Which makes me wonder if the real problem in that goalless bore-draw against Bournemouth was the fact that the Cherries refused to come forward in numbers, viewing a point as enough to make a difference between survival and relegation – which, looking at the table right now, is almost certainly not going to be the case.
It also makes me wonder if we will end up looking just as toothless against Palace this afternoon: Not only are they on the sort of losing streak that only a visit from Spurs can usually resolve, but they also haven’t hogged the ball all that much across these seven straight post-lockdown defeats, with 58% possession against Burnley and 53% against Villa being the best, and 26% against Liverpool the worst.
Even our possession stats weren’t quite that bad against Leicester.
Palace are also on an atrocious run against us in the PL, having lost nine on the spin, their last victory coming at Selhurst Park in Pochettino’s first season, when, in typical Tottenham fashion, we followed up that beautiful 5-3 New Year’s Day trouncing of Chelsea by losing 2-1 to Palace, with Benjamin Stambouli giving away the penalty that allowed Dwight Gayle to cancel out Harry Kane’s opener and Jason Puncheon sealing it on 80.

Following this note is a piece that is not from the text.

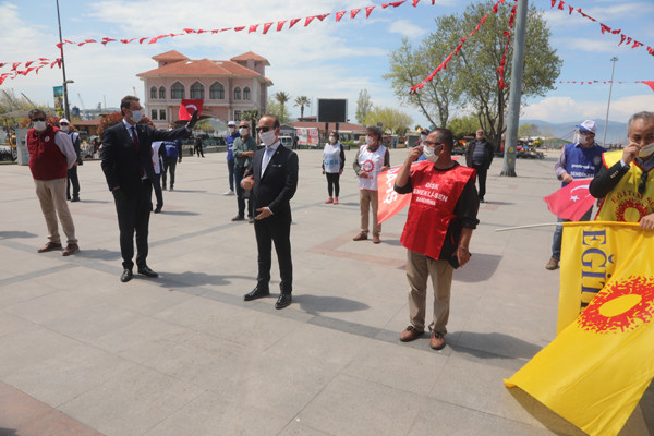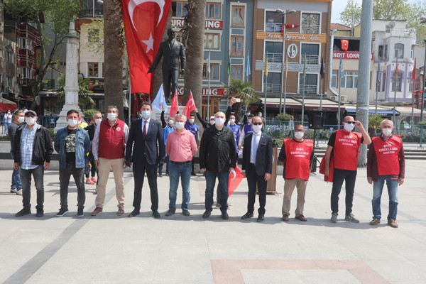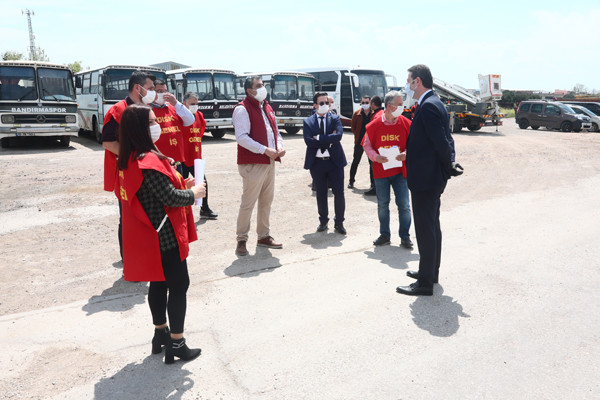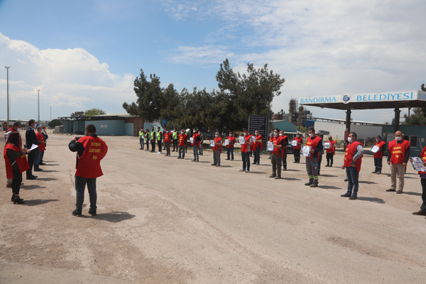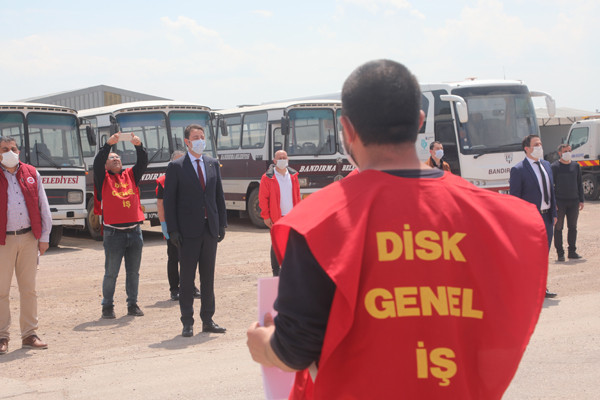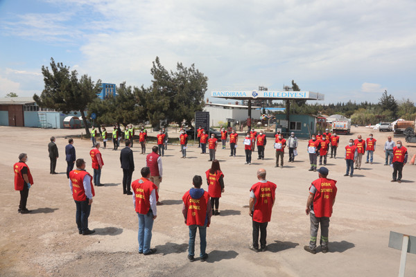 BAŞKAN AV. TOLGA TOSUN İŞÇİLERİN BAYRAMINI KUTLADI   Belediye Başkanı Av. Tolga Tosun 1 Mayıs İşçi Bayramı kutlamaları kapsamında Belediye Şantiyesinde işçilerle bir araya geldi.   Başkan Tolga Tosun, Belediye İşçilerine yaptığı konuşmada salgın nedeniyle bu yıl 1 Mayıs İşçi Bayramını anlamına ve önemine uygun bir şekilde meydanlarda coşkuyla kutlayamadıklarını belirterek: “Bu zor süreçte belediye çalışanlarının elini taşın altına koyarak çok özverili çalışmalar gerçekleştiriyor. Bu nedenle tüm belediye ve kamu çalışanlarımıza teşekkür etmek istiyorum” dedi.   Etkinlikte konuşan Belediye Başkanı Av. Tolga Tosun: “İşçi ve Emekçi Bayramımız kutlu olsun. Gönül isterdi ki geçen senelerde olduğu gibi alanlarda kutlama yapmak halaylar çekmek, şarkılar söylemek. Ancak son zamanlarda dünyada ve ülkemizde yaşanan Kovid19 salgını ile toplu etkinlikleri gerçekleştiremiyoruz. Yaklaşık bir yılı aşkın süredir birlikte çalışıyoruz. Üst yönetim olarak her zaman üretenden ve işçiden ve çalışandan yana bir tavrımız olduğunu anladığınız bildiğinizi düşünüyorum. Olabildiğince manevi olarak da sizlerin yanında yer alarak destek olmaya çalışıyoruz. Çalıştığınız ortamlara gelerek sizleri ziyaret ediyoruz. Toplu sözleşmelerimizde olabildiğince sizlerin isteklerini yerine getirmeye çalışıyoruz. Bu önümüzdeki dört yılda da aynı aylayışımızı sürdürmeye devam edeceğiz. Kovid19 salgını ile Belediyelerimizin ne kadar önemli olduğunu ortaya çıkarttı arkadaşlar. Şuan da Bandırmamızda ve diğer ilçelerde yapılan çalışmaların çoğu Belediyelerimizin üzerinde devam ediyor. Sağlık çalışanlarımız çok ön plana çıkıyor gerçekten hepsi bizim başımızın tacı çok önemliler olabildiğince biz kendilerini onore edip destek olmaya çalışıyoruz. Ama Belediye personelimizde bu süreçte elini taşın altına koyarak çok özverili çalışmalar gerçekleştiriyor. Ben huzurunuzda tüm belediye ve kamu çalışanlarımıza teşekkür etmek istiyorum. Bu 1 Mayısımız böyle oldu ancak bu günlerin bir an önce geçip gideceğini ve tekrar alanlarda törenlerle coşkulu bir şekilde kutlayacağımızı düşünüyorum. Hepinizin 1 Mayısını en içten dileklerimle kutluyor sevgiler saygılar sunuyorum” dedi.   Başkan Tolga Tosun buradan Cumhuriyet Meydanındaki 1 Mayıs için düzenlenen çelenk sunma ve kutlama programına katıldı. Ayrıca programda Başkan Yardımcısı Ozan Onur, CHP Bandırma İlçe Başkanı Dr. Selim Panç, ADD Bandırma Şube Başkanı Serdar Polat, memur ve işçi sendikalarının başkan ve temsilcileri yer aldı.

Despite the long winning streak that’s followed, it’s not all been plain sailing, with relatively new signing Son scoring his first PL goal for Spurs to give us a hard fought 1-0 victory the next time we met at White Hart Lane in September 2015 and the return fixture in January 2016 ominously looking as if it might end in our second Selhurst defeat on the spin as an absolute cracker of a game stormed into its final half-hour:
I know I’ve posted footage of this game before, but it’s one of those highlight reels I could watch over and over: Even without our three late goals, the save from Hugo around 4:07 and the scramble from the subsequent corner plus the double-thwacking our crossbar takes soon after never fails to quicken the pulse, especially knowing Dele’s double-touch pivot-volley is following behind.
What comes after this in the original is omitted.